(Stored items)
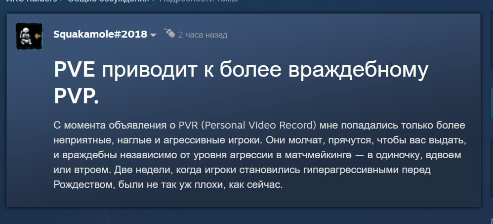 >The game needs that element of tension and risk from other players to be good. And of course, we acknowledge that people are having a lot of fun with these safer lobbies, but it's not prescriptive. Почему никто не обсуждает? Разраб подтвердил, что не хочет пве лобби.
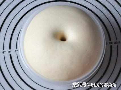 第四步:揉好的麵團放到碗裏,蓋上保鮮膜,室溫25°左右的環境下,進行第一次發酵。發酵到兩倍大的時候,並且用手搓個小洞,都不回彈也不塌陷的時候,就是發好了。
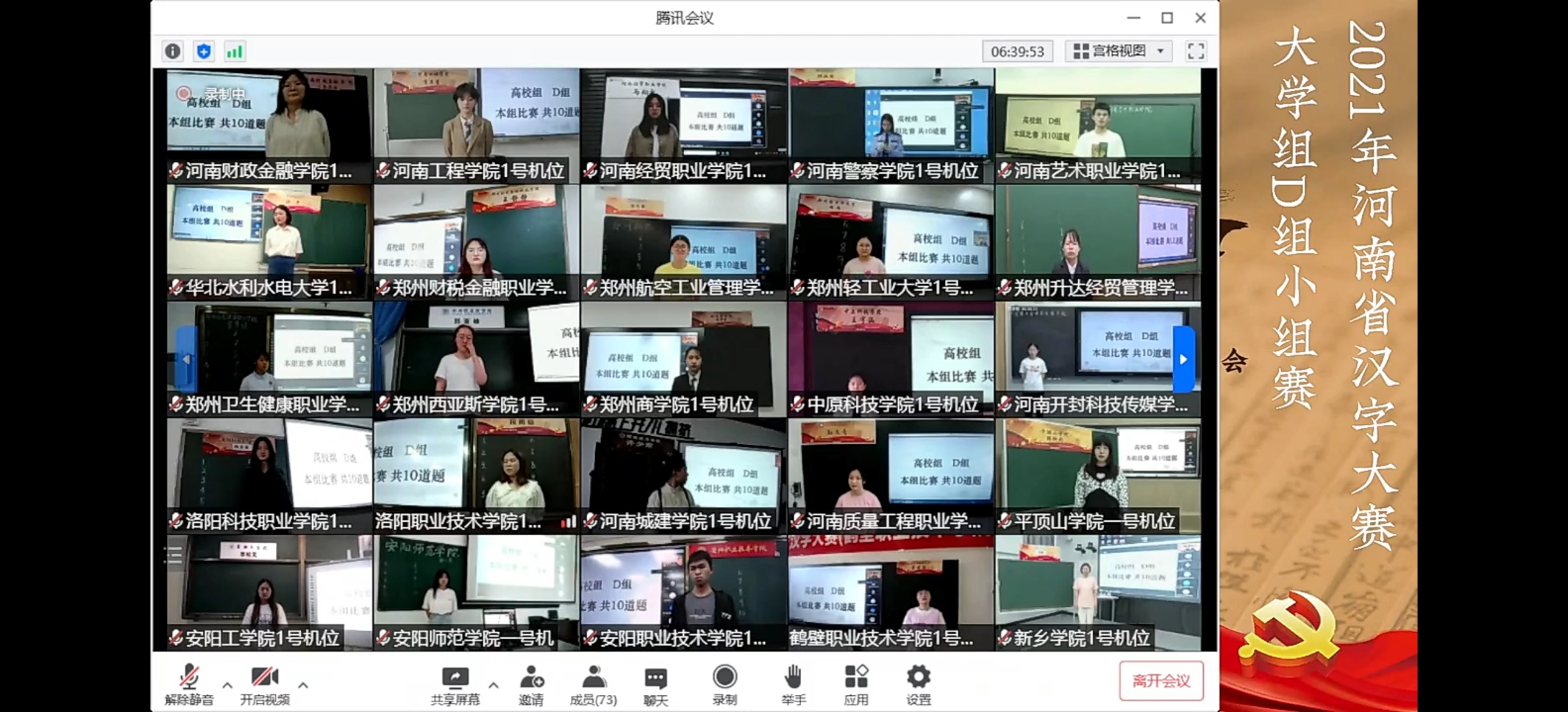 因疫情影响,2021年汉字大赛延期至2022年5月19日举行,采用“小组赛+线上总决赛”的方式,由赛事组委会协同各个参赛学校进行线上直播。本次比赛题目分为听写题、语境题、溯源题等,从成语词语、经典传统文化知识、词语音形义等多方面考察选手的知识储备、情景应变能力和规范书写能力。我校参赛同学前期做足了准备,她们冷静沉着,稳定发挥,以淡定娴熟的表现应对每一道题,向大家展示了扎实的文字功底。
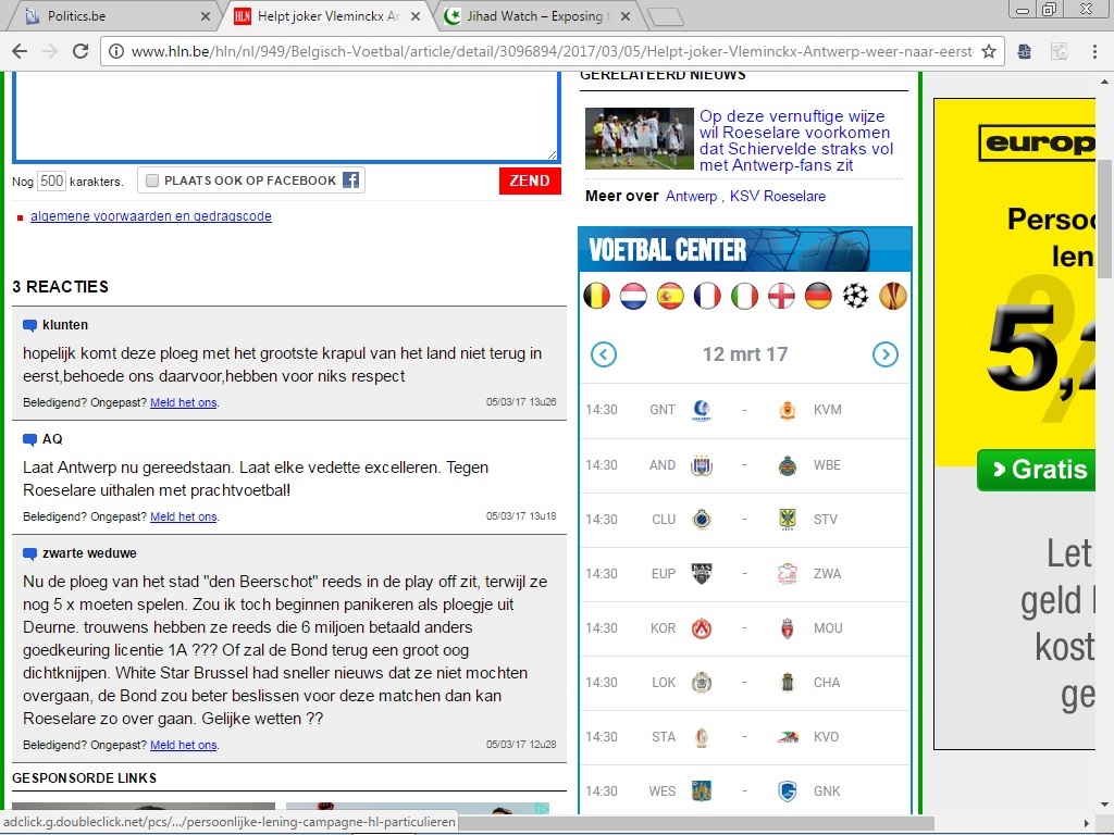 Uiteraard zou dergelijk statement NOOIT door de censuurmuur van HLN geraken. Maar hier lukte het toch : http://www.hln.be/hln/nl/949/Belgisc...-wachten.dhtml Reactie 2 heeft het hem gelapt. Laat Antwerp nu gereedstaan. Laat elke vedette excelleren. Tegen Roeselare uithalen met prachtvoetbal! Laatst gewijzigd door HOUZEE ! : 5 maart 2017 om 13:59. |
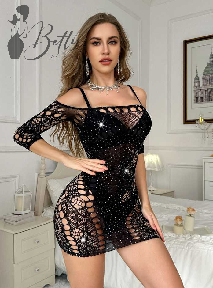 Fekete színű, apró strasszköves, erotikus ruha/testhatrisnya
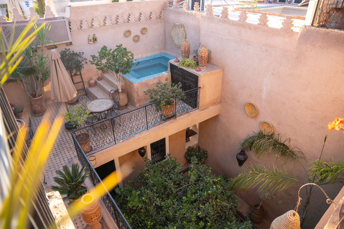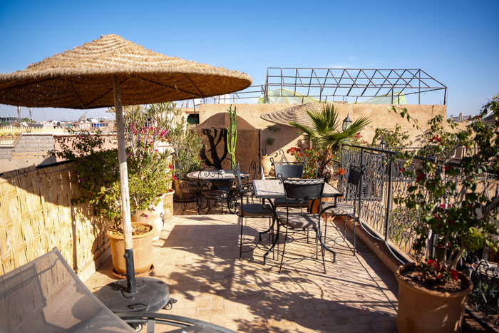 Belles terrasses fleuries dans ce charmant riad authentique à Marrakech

▶ **Task statement**:
Reproduce exactly the entries from their first line through the line containing "第四步:揉好的麵團放到碗裏,蓋上保鮮膜,室溫25°左右的", including both, and omit any pictures.

▶ **Result**:
 >The game needs that element of tension and risk from other players to be good. And of course, we acknowledge that people are having a lot of fun with these safer lobbies, but it's not prescriptive. Почему никто не обсуждает? Разраб подтвердил, что не хочет пве лобби.
 第四步:揉好的麵團放到碗裏,蓋上保鮮膜,室溫25°左右的環境下,進行第一次發酵。發酵到兩倍大的時候,並且用手搓個小洞,都不回彈也不塌陷的時候,就是發好了。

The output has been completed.